LangChain 读 pdf(上)
今天分享 LangChain 如何与 pdf 交互,做类似于 chatpdf 事情。
需要用到的代码是:https://colab.research.google.com/drive/13FpBqmhYa5Ex4smVhivfEhk2k4S5skwG
还是复制到自己的 Google Drive 中,一步步运行。
通过 LangChain 阅读 Reid Hoffman 今年的新书《Impromptu: Amplifying Our Humanity Through AI》。
把这个 pdf 输入进去之后,就可以开始问各种问题了:
len(raw_text)
这本书多少字:356630
raw_text[:100]
打印前100个字符:
Impromptu
Amplifying Our Humanity
Through AI
By Reid Hoffman
with GPT-4Impromptu: AmplIfyIng our
原理就是下面的图:
问问题之前,先对 pdf 进行处理:
Text Splitter Embeddings
Text Splitter
当需要处理较长的文本时,将文本分割成若干段是很有必要的。使用 CharacterTextSplitter 把 raw text 进行分割。
# Splitting up the text into smaller chunks for indexing
text_splitter = CharacterTextSplitter(
separator = "\n",
chunk_size = 1000,
chunk_overlap = 200, #striding over the text
length_function = len,
)
texts = text_splitter.split_text(raw_text)
Making the embeddings
OpenAI 的 embeddings 主要用于自然语言处理(NLP)任务。embeddings 是一种将单词或短语转换为固定大小的向量表示的技术。这些向量表示可以捕捉词汇之间的语义和语法关系,有助于改善各种自然语言处理任务的性能,例如文本分类、情感分析、命名实体识别和机器翻译等。
embeddings = OpenAIEmbeddings()
docsearch = FAISS.from_texts(texts, embeddings)
docsearch.embedding_function
这个时候问 how does GPT-4 change educaiton?
query = "how does GPT-4 change educaiton?"

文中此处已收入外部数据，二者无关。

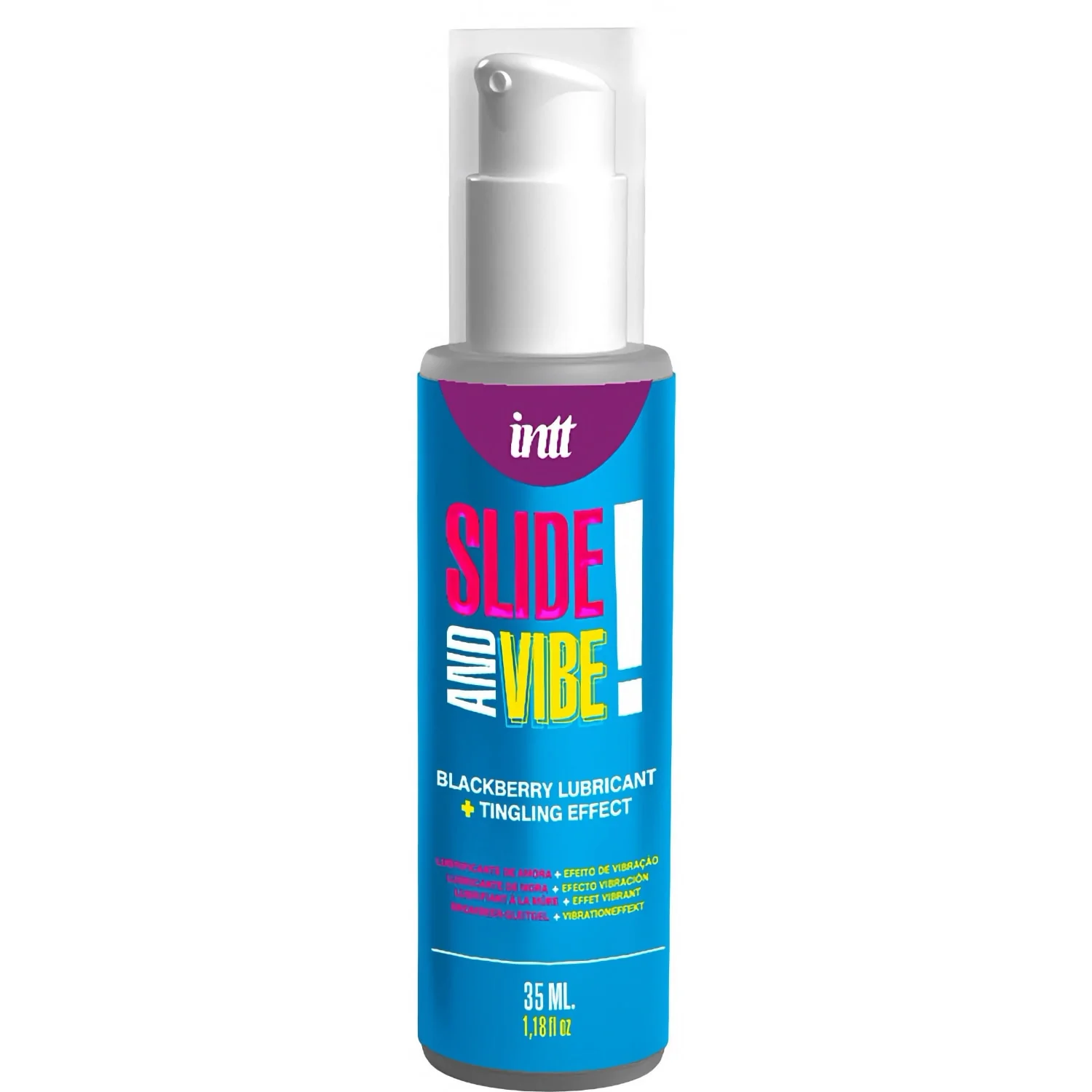 Intt Slide and Vibe, lubrifiant intim cu efect vibrant activat prin masaj. Textură fină, non-lipicioasă, aromă discretă de mure. Aplicare ușoară; poate fi reaplicat după nevoie. 35 ml.

docs = docsearch.similarity_search(query)
docs[0]
就可以把对应的话题的文章内容找了出来。
Document(page_content='told a reporter from Quartz that the precise script “lets you talk \nless and engage students more.”\nDespite these successes, Bridge’s financial and business model \nfailed. Rather than growing from 100,000 students to ten \nmillion, per the plan, the company has exited business lines \nand shifted its model to licensing its ideas to governments.\nYet as we think of tools-plus-teachers helping as many as 600 \nmillion children worldwide who can’t currently expect to get \nany real education, the possibilities of LLMs on top of the New -\nGlobe tablet model become exciting.43Education\nReid: GPT-4, can you write the next 300 words from your \nperspective as a large language model and describe \nhow you could extend the Bridge/NewGlobe tablets into \na tool to help tens of millions of students throughout \nAfrica and Asia?\nGPT-4: As a large language model, I can help by enhanc -\ning the quality, personalization, and scalability of their \nlearning content. Here is how I would do it:', metadata={})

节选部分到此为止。